Transcribe word for word the lines below from the line with "Entenbrust mit Erbsenpüree" through the line with "Planta baja: Con", ends included.

▶ GIVEN DATA
BEGIN

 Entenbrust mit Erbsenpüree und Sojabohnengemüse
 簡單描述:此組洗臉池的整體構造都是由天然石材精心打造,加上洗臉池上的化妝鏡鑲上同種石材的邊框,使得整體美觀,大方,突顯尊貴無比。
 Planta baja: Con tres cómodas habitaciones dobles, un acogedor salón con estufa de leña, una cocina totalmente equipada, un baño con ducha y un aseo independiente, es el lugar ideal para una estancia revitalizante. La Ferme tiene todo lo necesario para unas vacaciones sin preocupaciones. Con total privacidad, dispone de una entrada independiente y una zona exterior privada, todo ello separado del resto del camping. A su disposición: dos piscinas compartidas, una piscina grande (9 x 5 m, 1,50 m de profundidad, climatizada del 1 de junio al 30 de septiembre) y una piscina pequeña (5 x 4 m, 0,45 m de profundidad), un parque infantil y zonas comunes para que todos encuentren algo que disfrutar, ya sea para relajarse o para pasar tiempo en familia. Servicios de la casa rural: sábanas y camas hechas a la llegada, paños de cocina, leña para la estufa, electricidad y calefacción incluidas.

END
BEGIN

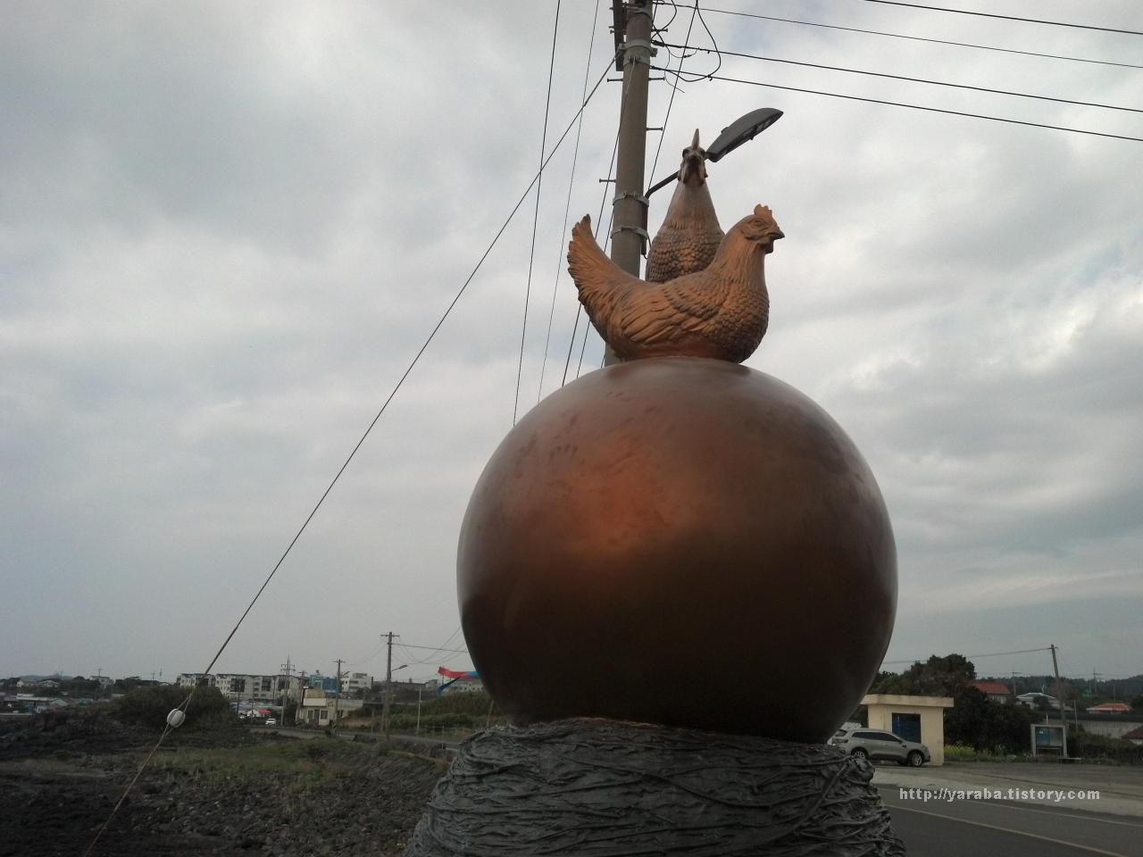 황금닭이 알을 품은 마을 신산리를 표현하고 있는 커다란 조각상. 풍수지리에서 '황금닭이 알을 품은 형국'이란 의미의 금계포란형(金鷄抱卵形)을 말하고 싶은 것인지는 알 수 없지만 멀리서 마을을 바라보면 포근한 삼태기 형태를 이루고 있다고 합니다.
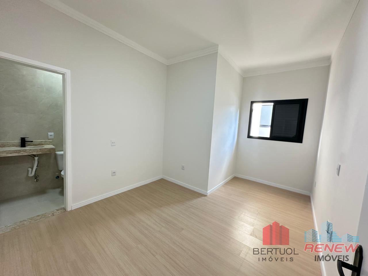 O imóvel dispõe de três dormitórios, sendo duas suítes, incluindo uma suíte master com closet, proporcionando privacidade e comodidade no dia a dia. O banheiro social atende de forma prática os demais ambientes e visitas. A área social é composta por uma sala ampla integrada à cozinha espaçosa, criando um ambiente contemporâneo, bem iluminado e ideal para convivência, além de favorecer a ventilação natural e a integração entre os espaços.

END

▶ SOLUTION TO THE PROBLEM
 Entenbrust mit Erbsenpüree und Sojabohnengemüse
 簡單描述:此組洗臉池的整體構造都是由天然石材精心打造,加上洗臉池上的化妝鏡鑲上同種石材的邊框,使得整體美觀,大方,突顯尊貴無比。
 Planta baja: Con tres cómodas habitaciones dobles, un acogedor salón con estufa de leña, una cocina totalmente equipada, un baño con ducha y un aseo independiente, es el lugar ideal para una estancia revitalizante. La Ferme tiene todo lo necesario para unas vacaciones sin preocupaciones. Con total privacidad, dispone de una entrada independiente y una zona exterior privada, todo ello separado del resto del camping. A su disposición: dos piscinas compartidas, una piscina grande (9 x 5 m, 1,50 m de profundidad, climatizada del 1 de junio al 30 de septiembre) y una piscina pequeña (5 x 4 m, 0,45 m de profundidad), un parque infantil y zonas comunes para que todos encuentren algo que disfrutar, ya sea para relajarse o para pasar tiempo en familia. Servicios de la casa rural: sábanas y camas hechas a la llegada, paños de cocina, leña para la estufa, electricidad y calefacción incluidas.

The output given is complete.